III. Public Interest Requirement -- Section 271(d)(3)(C)

A. Promoting Local Competition

• Because Congress emphasized the need to foster local competition and held out interLATA entry as an inducement to BOC compliance with the Act's market opening requirements, in deciding whether to grant a BOC's interLATA application, the Commission should focus on the probable impact on local competition. (pp. 80-83)

• A BOC's compliance with the competitive checklist does not indicate that local competition is sufficient to warrant grant of the BOC's interLATA application. (pp. 84-87)

• The Commission must instead make a qualitative judgment that the legal and regulatory environment is sufficiently open that new entrants will be able to pursue and to exploit market opportunities whenever and wherever entrants find them. Several minimum conditions should apply:

• There should generally be no State and local legal barriers to competitive entry. Perhaps more importantly, the Commission must be persuaded that State regulators and the BOCs themselves are fully committed to opening the local market to meaningful competition. (pp. 87-90, 98-99)

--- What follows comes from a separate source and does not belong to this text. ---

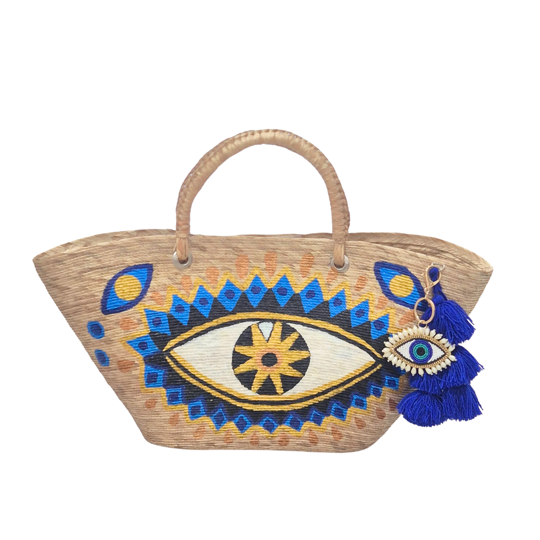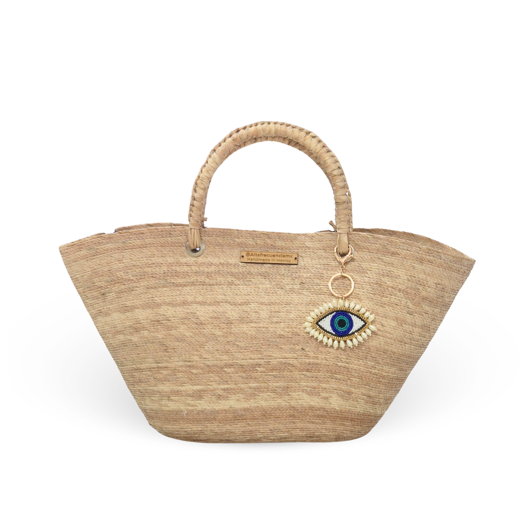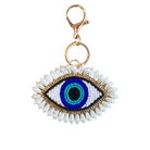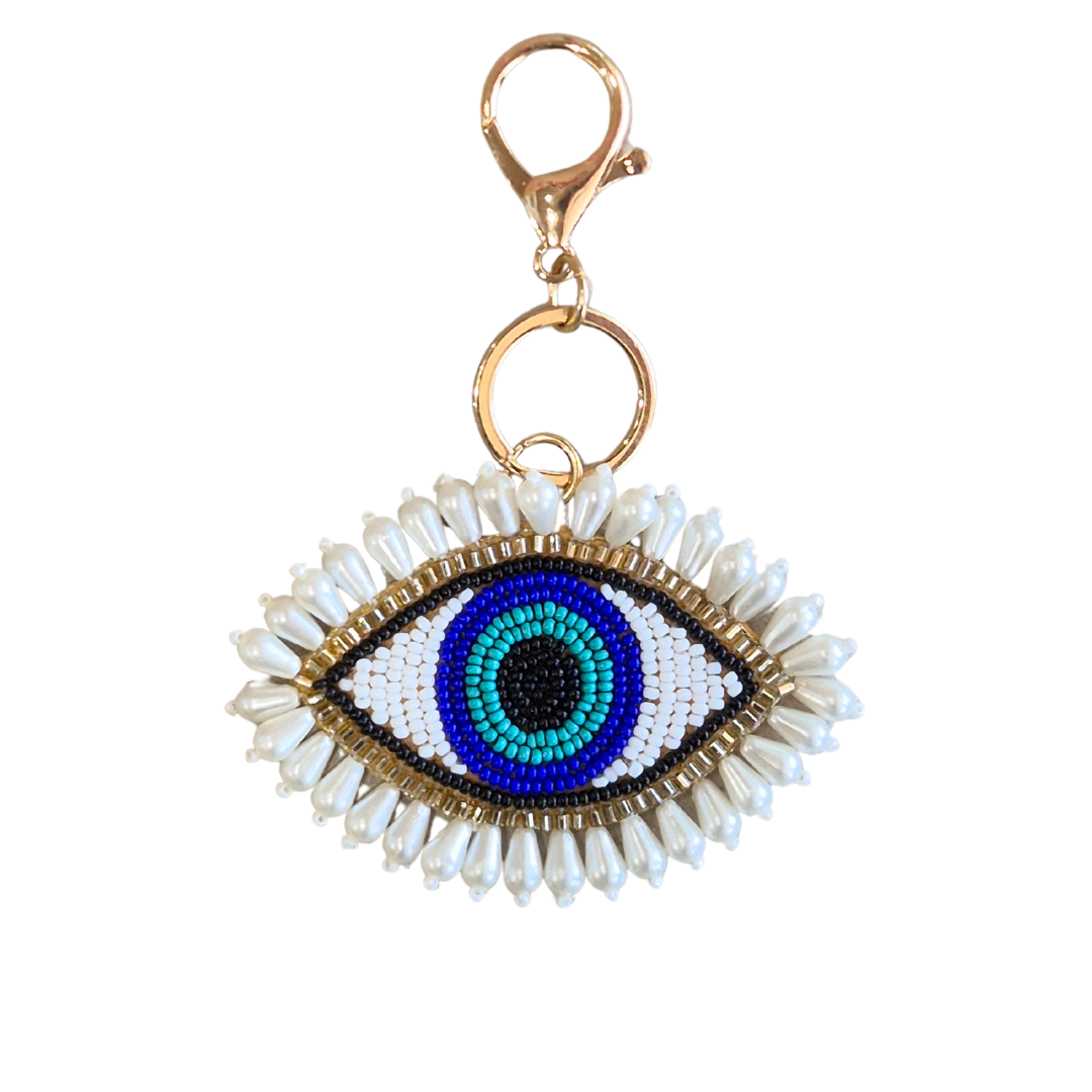 THE Evil Eye accessory perfect as a bag charm or as a key ring. Graphic, bold, and beautifully made. This charm reimagines the classic evil eye motif with clean lines and tactile beadwork. The palette--white, black, blue, and green--feels fresh and versatile. A statement detail that elevates any bag or key set.

• All checklist items must be provided or be available in a "commercially useful" manner. Thus, (1) items must be available for immediate ordering in sufficient quantities to enable the purchaser to satisfy reasonably foreseeable demand; (2) all testing of the checklist items has been completed and, where necessary, independently verified; (3) regulatory authorities must be substantially certain that the checklist items will function as expected in a commercial setting; (4) the BOC's provision of the item must be at least equal in quality to the service that it provides itself; and (5) checklist items must be made available at rates that satisfy the pricing standards of section 252(d). The BOCs' interconnection agreements should provide for automatic penalties (including service credits and liquidated damages) in the event that violations of agreement terms occur. (pp. 90-95)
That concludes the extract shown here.